Agar Tetap Berkuasa, Netanyahu Perpanjang Genosida di Gaza

Timur Tengah58 Dilihat

Tel Aviv – Sebuah investigasi oleh The New York Times mengungkapkan bahwa Perdana Menteri Israel Benjamin Netanyahu telah memperpanjang genosida Gaza untuk tetap berkuasa dan menghindari potensi tuntutan pidana.

Dalam laporan yang diterbitkan pada Sabtu (12/7/2025), The New York Times  menyimpulkan bahwa setelah Hamas melancarkan Operasi Banjir Al-Aqsa yang mengejutkan terhadap entitas Zionis sebagai tanggapan atas kampanye pertumpahan darah rezim tersebut selama puluhan tahun terhadap warga Palestina pada bulan Oktober 2023, banyak yang percaya hal itu akan menandai berakhirnya karier politik Netanyahu.

Asumsi yang tersebar luas, menurut laporan itu, adalah bahwa perang akan berakhir pada awal tahun 2024, pemerintahan koalisinya akan runtuh, dan ia akhirnya akan menghadapi konsekuensi atas kegagalan keamanan yang dahsyat.

Sebaliknya, Netanyahu memanfaatkan perang untuk meningkatkan peruntungan politiknya, pertama hanya untuk bertahan hidup dan kemudian untuk menang dengan caranya sendiri.

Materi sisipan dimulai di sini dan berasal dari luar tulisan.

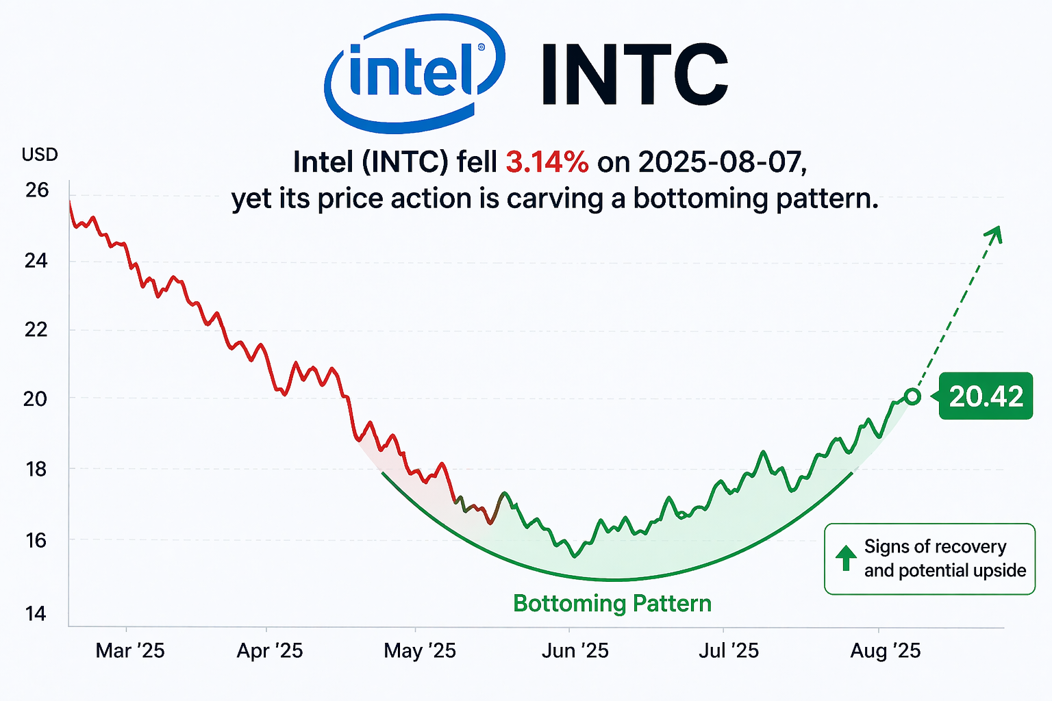| | | ● Intel’s Bottoming Signal: Why INTC Looks Buyable After a Rough Day |  | Intel (INTC) fell 3.14% on 2025-08-07, yet its price action is carving a bottoming pattern. Here’s a friendly, data-backed walkthrough of the setup, sentiment, key events, near-term outlook, risks, and a simple trading plan—plus interactive charts to explore. Thu. Aug 7, 2025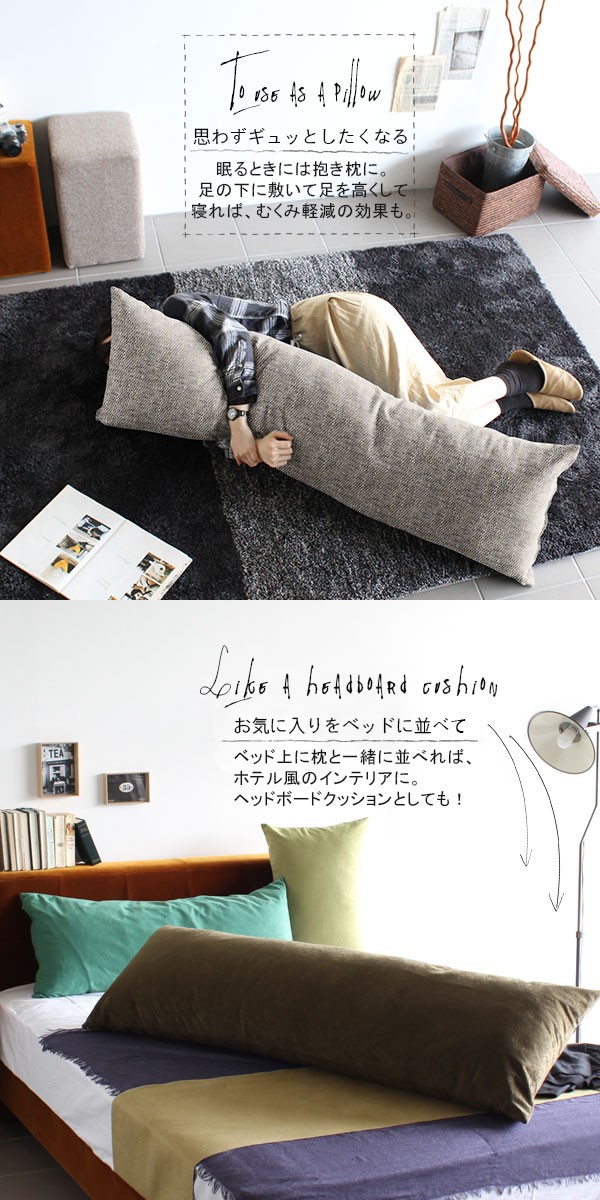 クッション 長い 長方形 ロング ロングクッション 150cm インテリア ロング枕 長い枕 抱き枕 ロングピロー ボディピロー △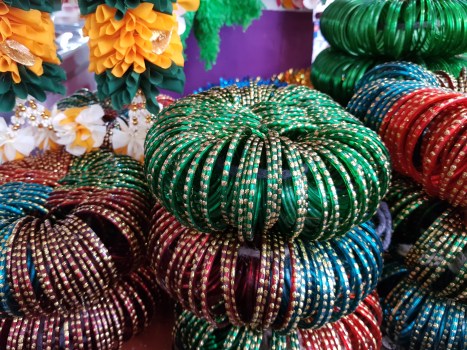 A very generous salesman gave the ladies four bangles each. Traditionally, the green is for fertility and the red is for love and passion. The younger members of our party were given both colors. Others whom we will not name here only got the red. The other colors are new and just for fashion. Worn properly over the pulse point, they protect the wearer’s chakra.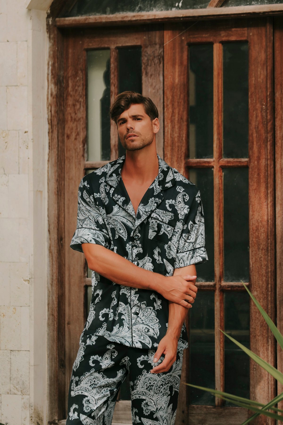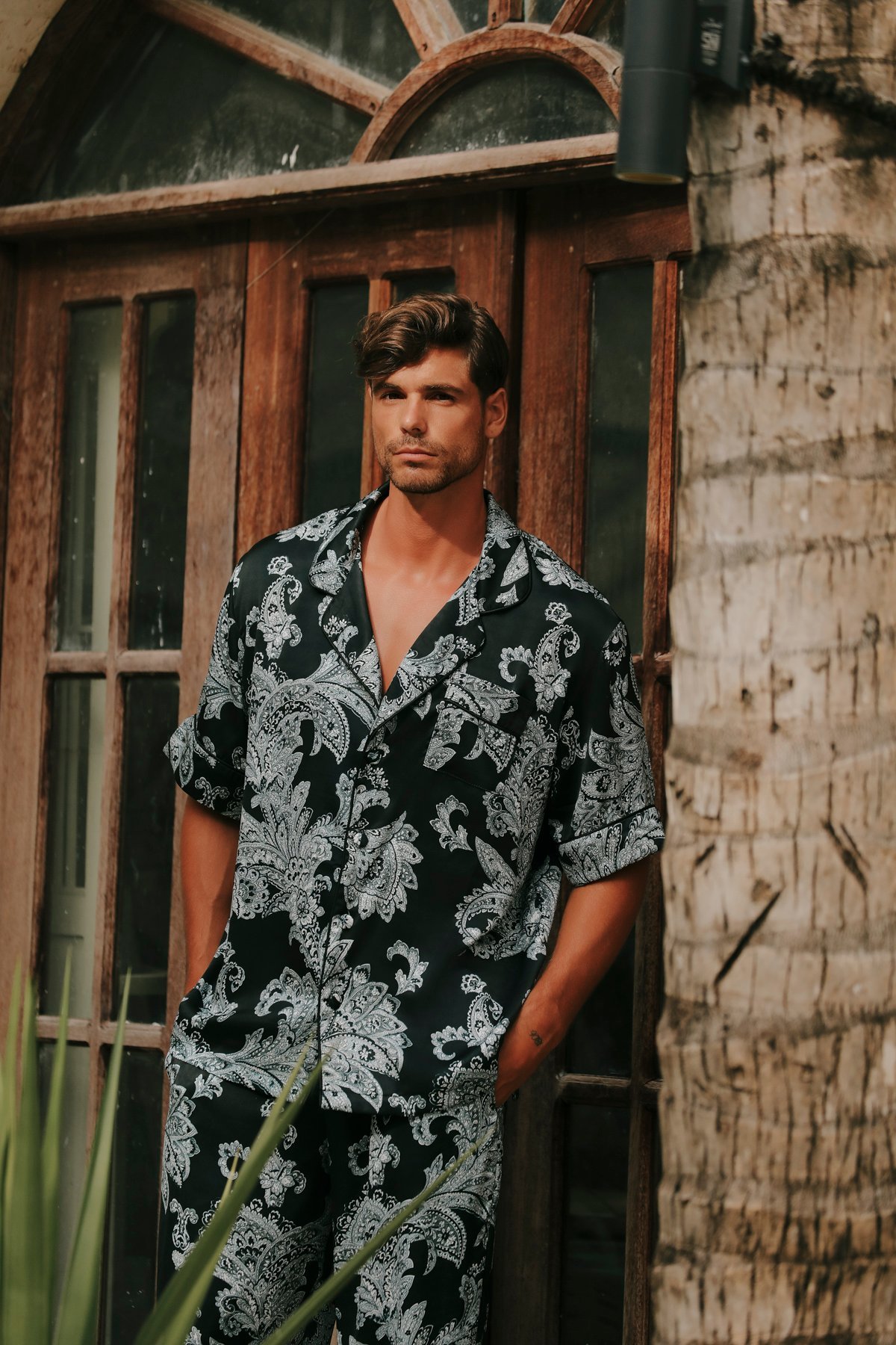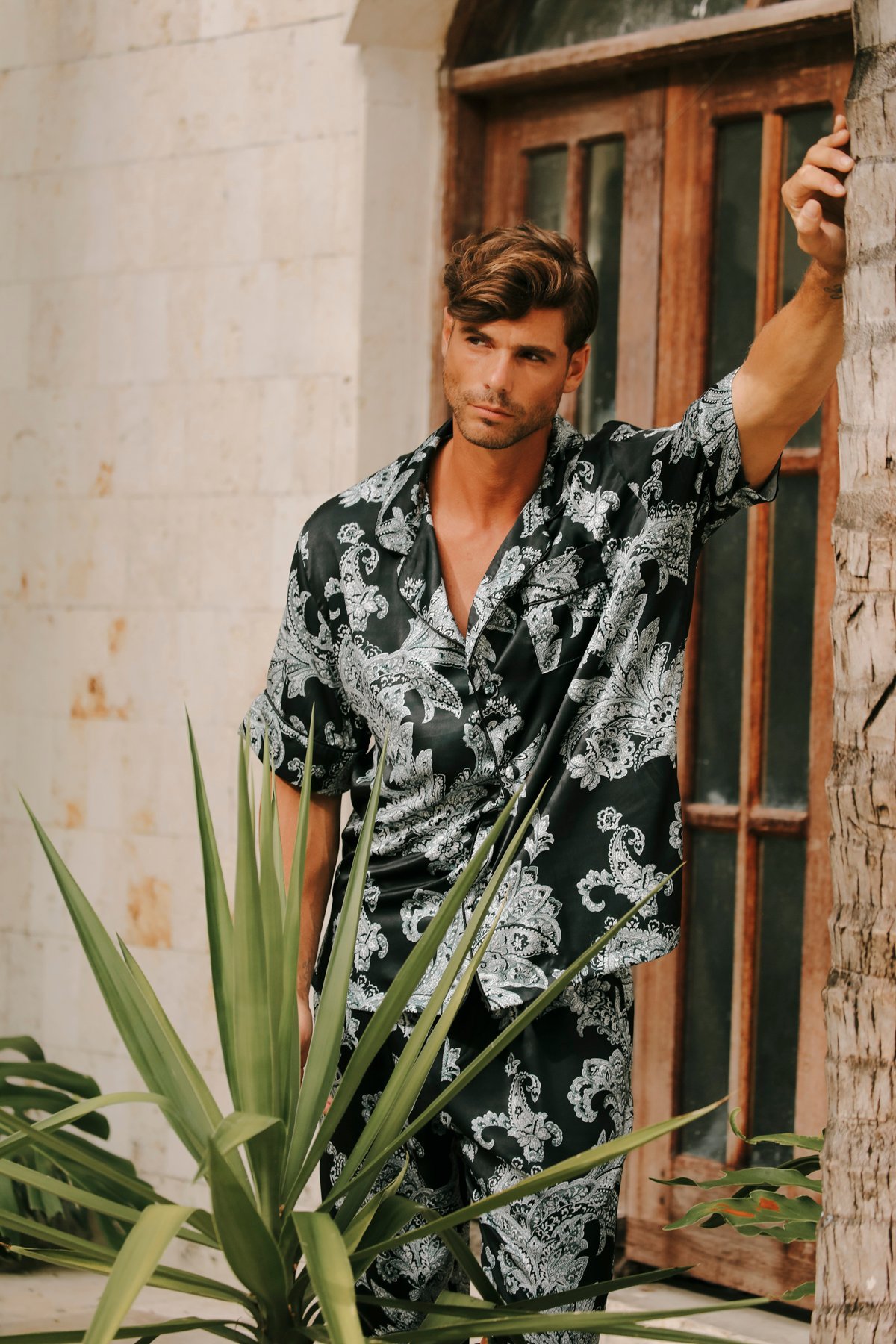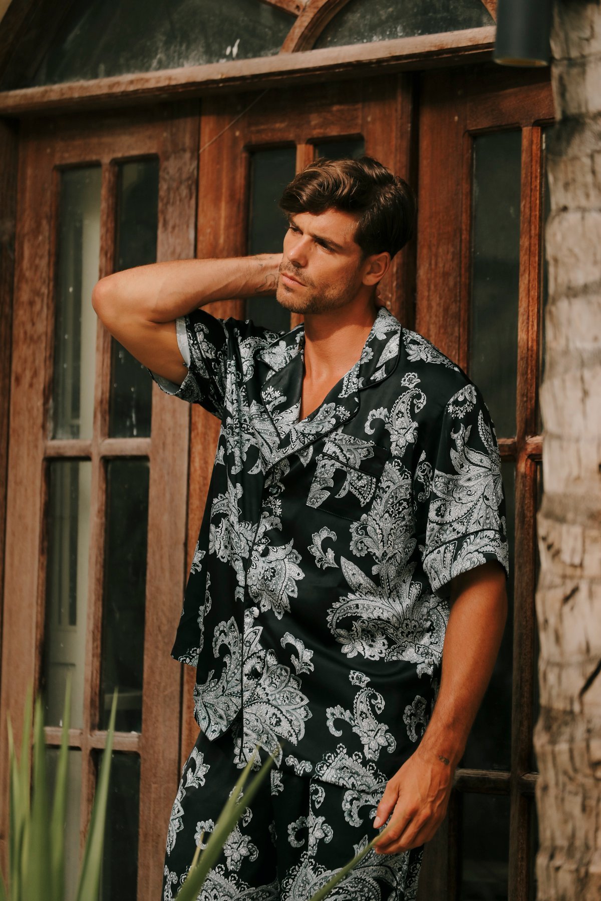 HENRI PANT SET – SILK SATIN | BLACK-GREY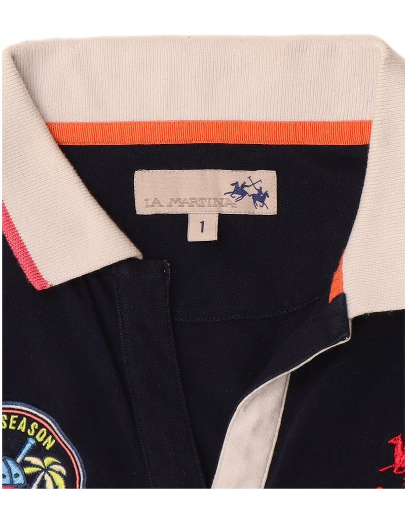 LA MARTINA Womens Miami Graphic Rugby Polo Shirt Size 1 XS Navy Blue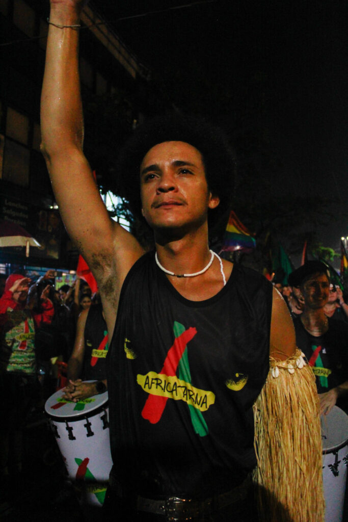 “Quando a gente saiu pela primeira vez na rua, foi mágico. Mas, ao mesmo tempo, a gente sentiu todo esse efeito de criminalização. Enquanto Blocos Afros, a gente tem que pensar se nossas crianças não vão levar spray de pimenta, se o nosso bloco não vai ser atropelado por um trio elétrico, que foi sobreposto no mesmo trajeto que o nosso, mesmo a gente pagando licença. A gente tem que pensar se não vai ter uma cavalaria que vai entrar no meio do nosso bloco e pode machucar nossos integrantes”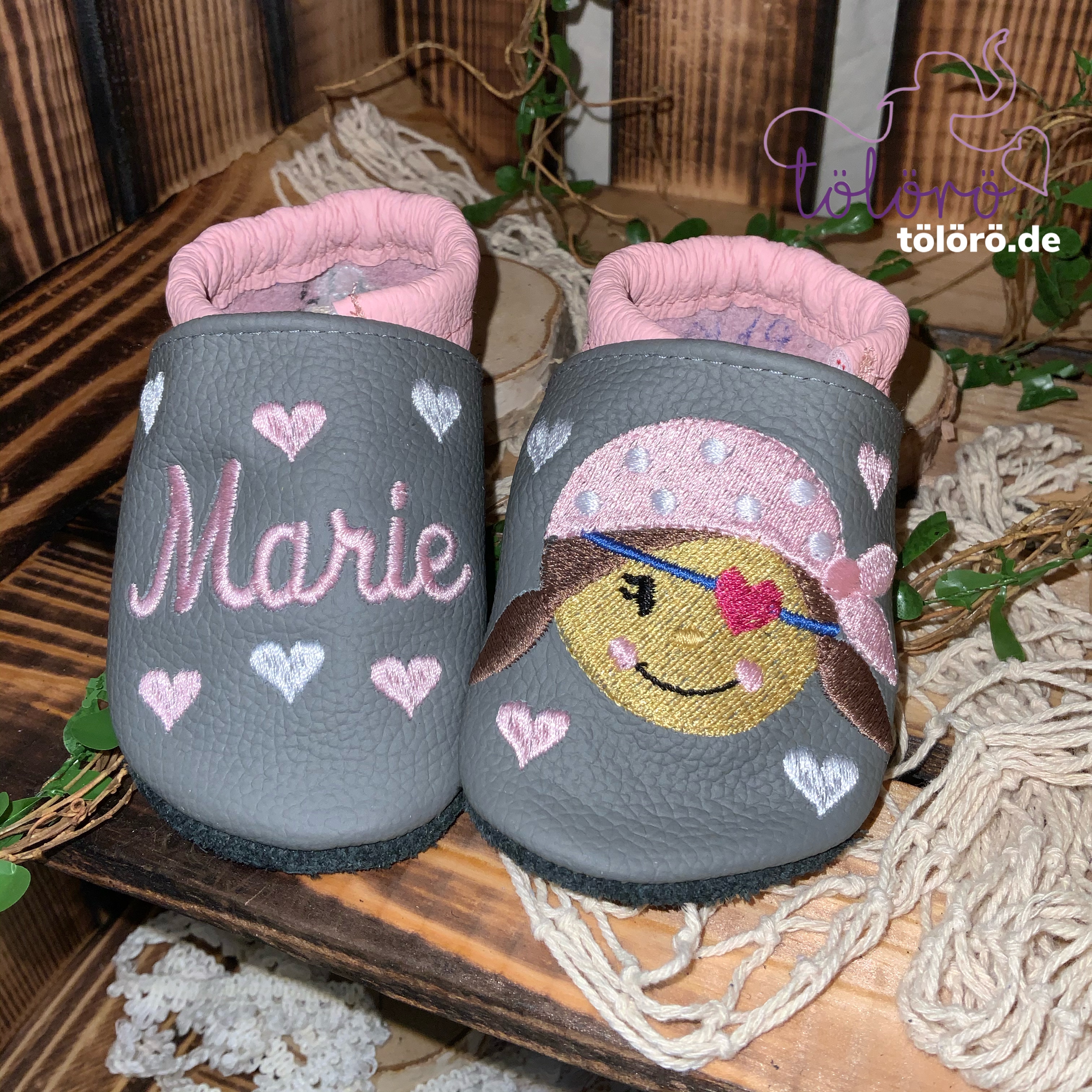 Beispiel Marie Kappe Anthrazit, Ferse Rosa - Herzen rosa und weiß

Pada April 2024, Netanyahu dilaporkan hampir menyetujui kesepakatan gencatan senjata selama enam minggu yang dapat membebaskan lebih dari 30 tawanan Hamas. Kesepakatan ini juga akan membuka pintu bagi diskusi tentang perjanjian perdamaian yang langgeng dengan Hamas.

Namun, Netanyahu tiba-tiba mengubah pendiriannya setelah menteri keuangan Bezalel Smotrich—seorang garis keras sayap kanan yang menganjurkan pembentukan pemukiman Israel di Gaza dan pendudukan Gaza—mengancam akan menarik diri dari pemerintahan koalisi jika kesepakatan gencatan senjata disetujui.

Tindakan seperti itu akan menghancurkan koalisi dan memaksa diadakannya pemilihan umum baru, yang menurut jajak pendapat saat itu akan dimenangkan oleh Netanyahu.

“Saya ingin Anda tahu bahwa jika perjanjian penyerahan seperti ini diajukan, Anda tidak lagi memiliki pemerintahan,” kata Smotrich. “Pemerintahan sudah tamat.”

Menurut  Times,  Netanyahu membuang usulan gencatan senjata dan terus melanjutkan perang hingga hari ini.

Laporan tersebut menguraikan bagaimana pejabat AS mencoba meyakinkan Netanyahu bahwa menyetujui gencatan senjata pembebasan tawanan akan meningkatkan kedudukan politiknya, dengan mengutip jajak pendapat yang menunjukkan lebih dari 50% di antara pemilih Israel.

Netanyahu dilaporkan menepis argumen tersebut, dan mengatakan kepada para penasihatnya, “Tidak 50% pemilih saya,” yang menyiratkan bahwa para pemilihnya menentang kesepakatan tersebut.

Meskipun tuduhan korupsi terus berlanjut terhadapnya dan hampir dua tahun telah berlalu sejak perang, Netanyahu tetap memiliki posisi yang baik untuk tetap berkuasa hingga pemilihan umum berikutnya, yang harus diadakan pada bulan Oktober 2026.

Serangan berdarah rezim Israel di Gaza sejauh ini telah menewaskan 57.762 warga Palestina dan melukai 137.656 lainnya, menurut kementerian kesehatan.

Rakyat Gaza juga menderita kekurangan pangan parah, banyak di antara mereka yang terpaksa mengambil risiko ditembaki oleh pasukan Israel hanya karena sedang mengantre untuk mendapatkan bantuan kemanusiaan.

Pengadilan Kriminal Internasional (ICC) mengeluarkan surat perintah penangkapan terhadap Netanyahu dan mantan menteri urusan militernya, Yoav Gallant, atas kejahatan terhadap kemanusiaan dan kejahatan perang terkait dengan genosida yang sedang dilakukan Israel terhadap warga Palestina di Jalur Gaza.

Namun di tengah semua kekacauan itu,  Times  melaporkan, satu keuntungan yang tak terbantahkan tetap ada bagi pemimpin Israel: kelangsungan hidup politiknya.